■ **Problem details**:
Word for word, the data below must be repeated in full; no picture is to be included.
◆ ◆ ◆ ◆ ◆
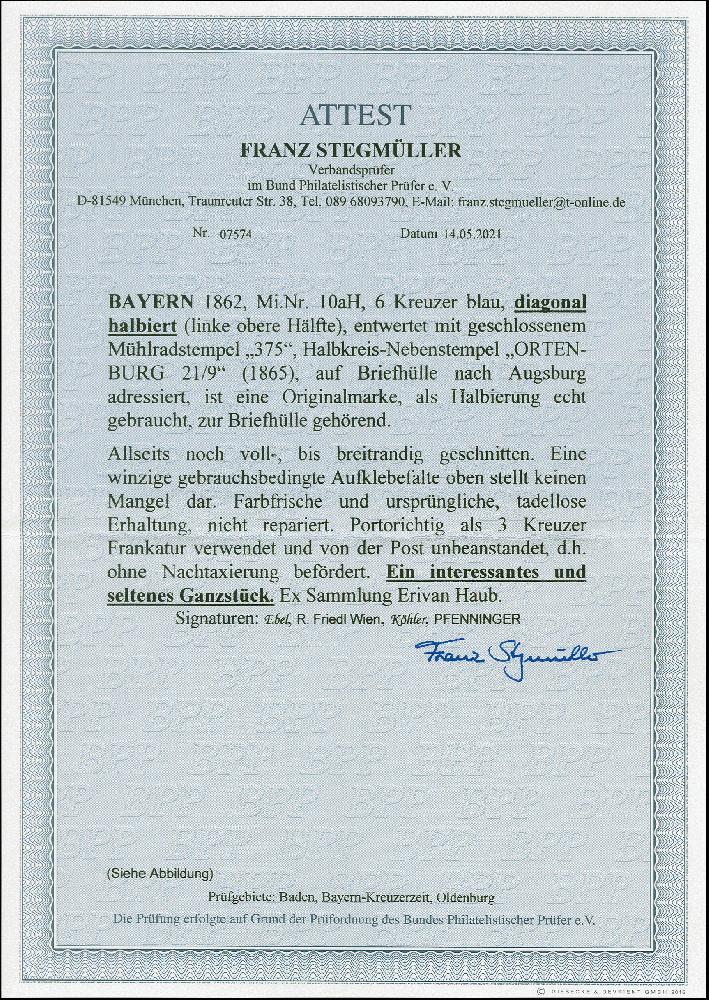 | Zusatzinformationen und Suchstichworte: | 383. Auktion Heinrich Köhler 14.–15. & 18.–23. März 2024 Los 58 Altdeutschland Bayern 6 Kreuzer blau, diagonal halbiert, linke obere Hälfte, farbfrisch, kurz noch voll- sonst breitrandig, mit sauber aufgesetztem gMR "375" und sauber nebengesetztem Halbkreis "ORTENBURG 21/9" (1865) auf Briefhülle nach Augsburg. Brieffaltungen außerhalb der Frankatur, sonst tadellose und ursprüngliche Erhaltung. Ein seltener und attraktiver Brief. Signiert Köhler, Friedl, Wien, Pfenninger und Ebel, Fotoattest Stegmüller BPP (2021) Ausruf 6.000,00 EUR |
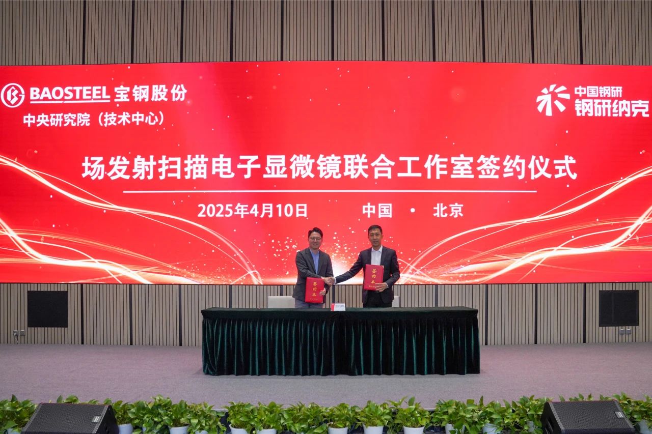 4月10日,納克微束(北京)有限公司(以下簡稱“納克微束”)與寶鋼股份中央研究院(技術(shù)中心)(以下簡稱“寶鋼中研院”)簽署掃描電鏡合作協(xié)議并舉行聯(lián)合工作室揭牌儀式,中國工程院王海舟院士,鋼研納克黨委書記、董事長楊植崗,副總經(jīng)理袁良經(jīng),總工程師沈?qū)W靜,寶鋼中研院副院長田正宏、研發(fā)保障中心主任徐棟愷,納克微束總經(jīng)理于兆斌等出席本次儀式。
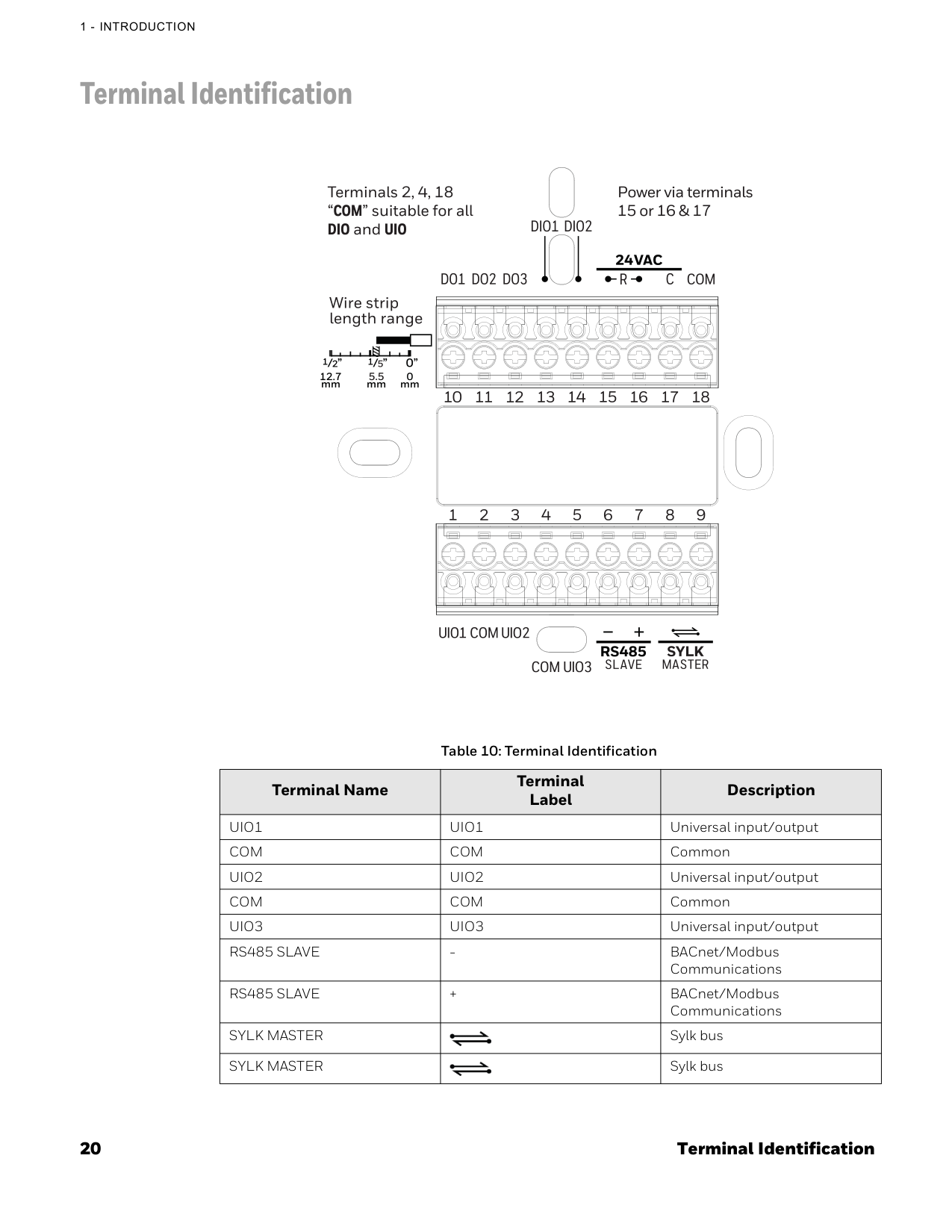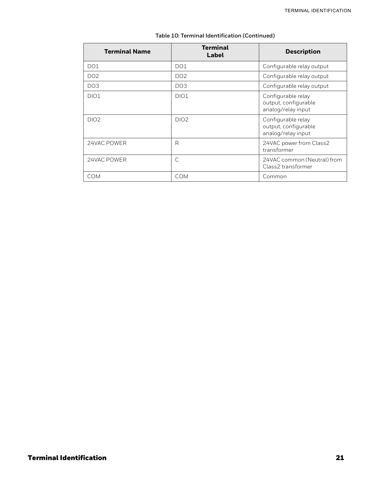 Terminal Identification Table 10: Terminal Identification Terminal Name Terminal Label DescriptionUio1
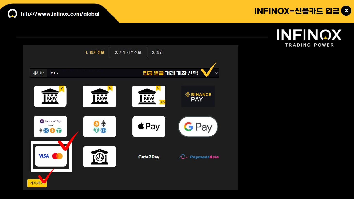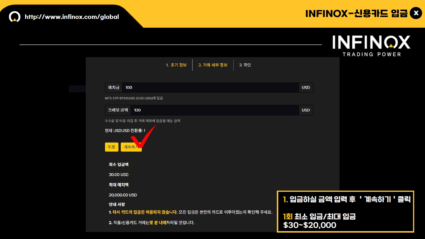 예치금 란에 입금하실 달러 금액을 입력해 주시고 계속하기를 눌러주세요.
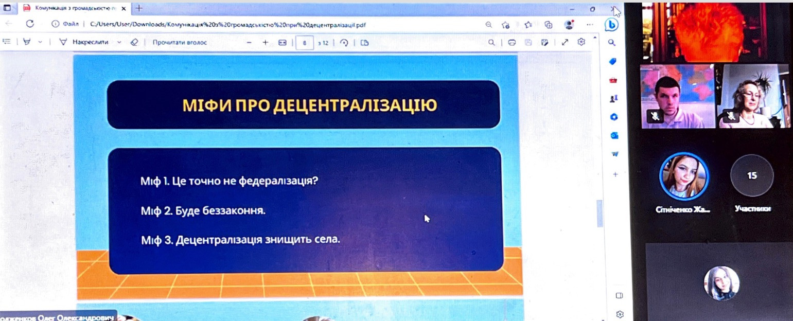 11 квітня 2023 року на кафедрі освітнього менеджменту та публічного управління в онлайн-режимі відбулося засідання наукового гуртка студентів бакалаврату спеціальності 281 «Публічне управління та адміністрування». Було детально обговорено важливу та актуальну тему – реформу децентралізації в Україні.
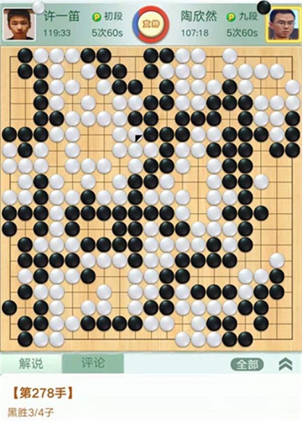 陶欣然執(zhí)黑對陣新初段許一笛。開局下邊黑棋稍虧,之后在左下角獲得便宜黑棋領(lǐng)先。大官子黑棋有所失誤局勢又是白好。之后小官子時候白棋又有失誤,黑棋幸運(yùn)的3/4子獲勝。
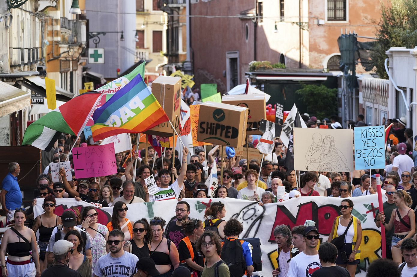 «Μπέζος, μακριά από τη λιμνοθάλασσα», φώναζαν οι διαδηλωτές καθώς έκαναν πορεία στο κέντρο της πόλης. Ορισμένοι κρατούσαν πλακάτ με συνθήματα όπως «Φάτε τους πλούσιους» και «Απορρίπτεται», και άλλα που κατηγορούσαν τον δήμαρχο της Βενετίας για διαφθορά.
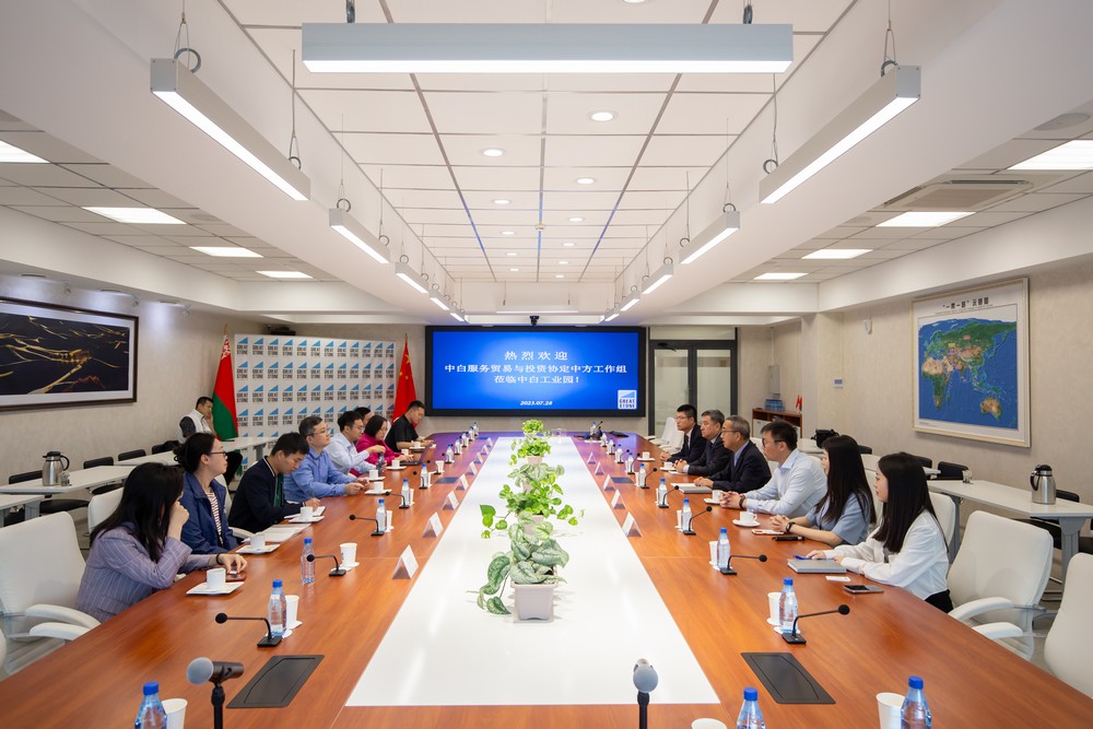 2023年7月28日,中國商務(wù)部世貿司副司長(cháng)陳雨松率中白服務(wù)貿易與投資協(xié)定工作組考察中白工業(yè)園,與園區開(kāi)發(fā)公司總經(jīng)理李鐘漢舉行會(huì )談。
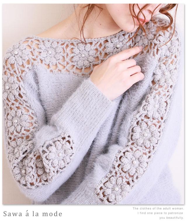 秋新着 サワアラモード 花レース編みが可愛いフェミニンニットトップス レディース ファッション トップス グレー 花 レース ニット 長袖の通販はau Pay マーケット Sawa A La Mode サワアラモード
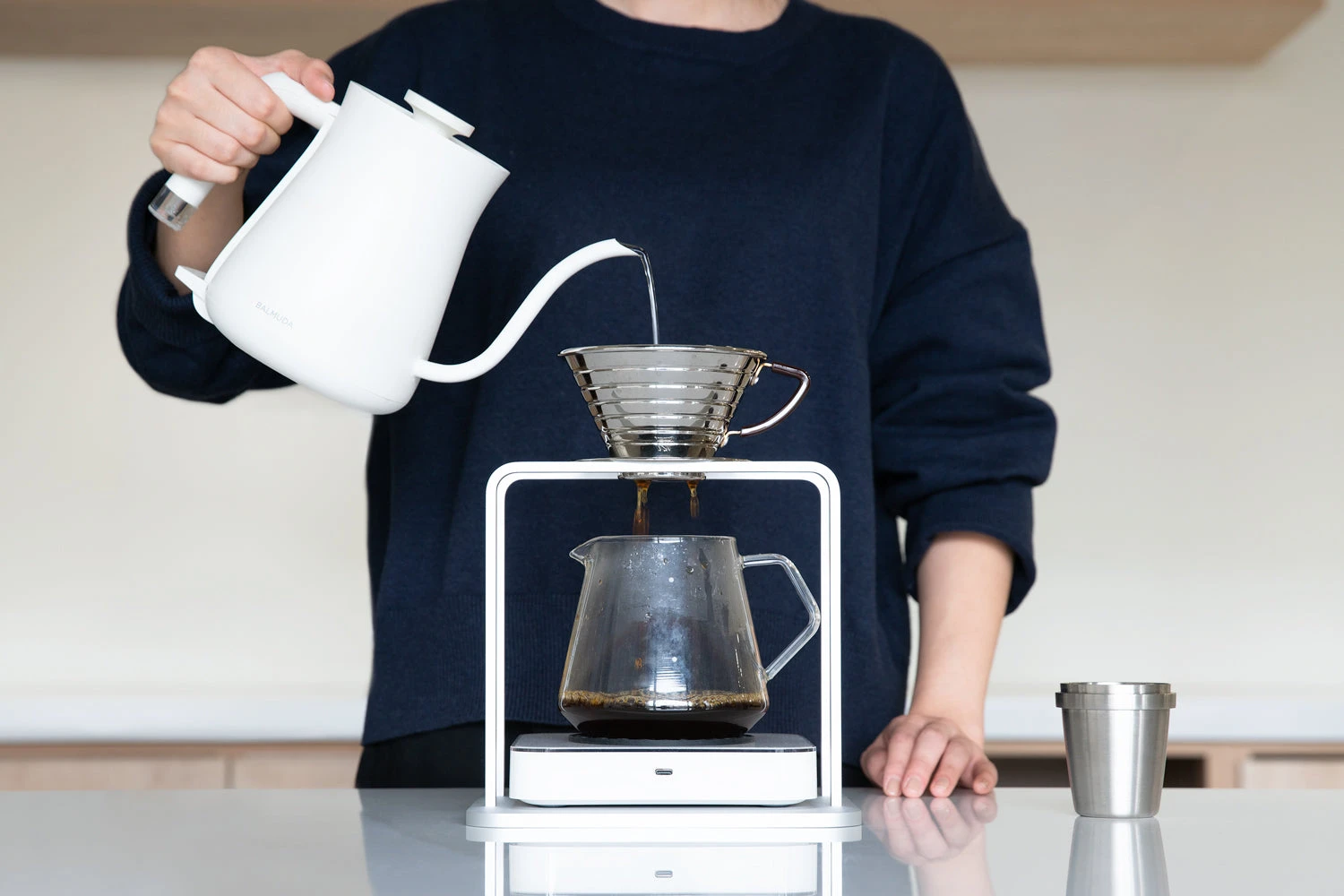 Using the Titan Brew Stand from Acacia for pour over coffee or with the AeroPress just makes sense. With an eight inch wide base, the Pearl series scales fit right on the stand — meaning the scale only catches the beverage weight. The Titan Brew Stand is made of aluminum alloy, so it can withstand even the downward pressure pushed onto an AeroPress. All in all, users will get an accurate extraction read.
◆ ◆ ◆ ◆ ◆
■ **Written solution**:
 | Zusatzinformationen und Suchstichworte: | 383. Auktion Heinrich Köhler 14.–15. & 18.–23. März 2024 Los 58 Altdeutschland Bayern 6 Kreuzer blau, diagonal halbiert, linke obere Hälfte, farbfrisch, kurz noch voll- sonst breitrandig, mit sauber aufgesetztem gMR "375" und sauber nebengesetztem Halbkreis "ORTENBURG 21/9" (1865) auf Briefhülle nach Augsburg. Brieffaltungen außerhalb der Frankatur, sonst tadellose und ursprüngliche Erhaltung. Ein seltener und attraktiver Brief. Signiert Köhler, Friedl, Wien, Pfenninger und Ebel, Fotoattest Stegmüller BPP (2021) Ausruf 6.000,00 EUR |
 4月10日,納克微束(北京)有限公司(以下簡稱“納克微束”)與寶鋼股份中央研究院(技術(shù)中心)(以下簡稱“寶鋼中研院”)簽署掃描電鏡合作協(xié)議并舉行聯(lián)合工作室揭牌儀式,中國工程院王海舟院士,鋼研納克黨委書記、董事長楊植崗,副總經(jīng)理袁良經(jīng),總工程師沈?qū)W靜,寶鋼中研院副院長田正宏、研發(fā)保障中心主任徐棟愷,納克微束總經(jīng)理于兆斌等出席本次儀式。
 Terminal Identification Table 10: Terminal Identification Terminal Name Terminal Label DescriptionUio1
 예치금 란에 입금하실 달러 금액을 입력해 주시고 계속하기를 눌러주세요.
 11 квітня 2023 року на кафедрі освітнього менеджменту та публічного управління в онлайн-режимі відбулося засідання наукового гуртка студентів бакалаврату спеціальності 281 «Публічне управління та адміністрування». Було детально обговорено важливу та актуальну тему – реформу децентралізації в Україні.
 陶欣然執(zhí)黑對陣新初段許一笛。開局下邊黑棋稍虧,之后在左下角獲得便宜黑棋領(lǐng)先。大官子黑棋有所失誤局勢又是白好。之后小官子時候白棋又有失誤,黑棋幸運(yùn)的3/4子獲勝。
 «Μπέζος, μακριά από τη λιμνοθάλασσα», φώναζαν οι διαδηλωτές καθώς έκαναν πορεία στο κέντρο της πόλης. Ορισμένοι κρατούσαν πλακάτ με συνθήματα όπως «Φάτε τους πλούσιους» και «Απορρίπτεται», και άλλα που κατηγορούσαν τον δήμαρχο της Βενετίας για διαφθορά.
 2023年7月28日,中國商務(wù)部世貿司副司長(cháng)陳雨松率中白服務(wù)貿易與投資協(xié)定工作組考察中白工業(yè)園,與園區開(kāi)發(fā)公司總經(jīng)理李鐘漢舉行會(huì )談。
 秋新着 サワアラモード 花レース編みが可愛いフェミニンニットトップス レディース ファッション トップス グレー 花 レース ニット 長袖の通販はau Pay マーケット Sawa A La Mode サワアラモード
 Using the Titan Brew Stand from Acacia for pour over coffee or with the AeroPress just makes sense. With an eight inch wide base, the Pearl series scales fit right on the stand — meaning the scale only catches the beverage weight. The Titan Brew Stand is made of aluminum alloy, so it can withstand even the downward pressure pushed onto an AeroPress. All in all, users will get an accurate extraction read.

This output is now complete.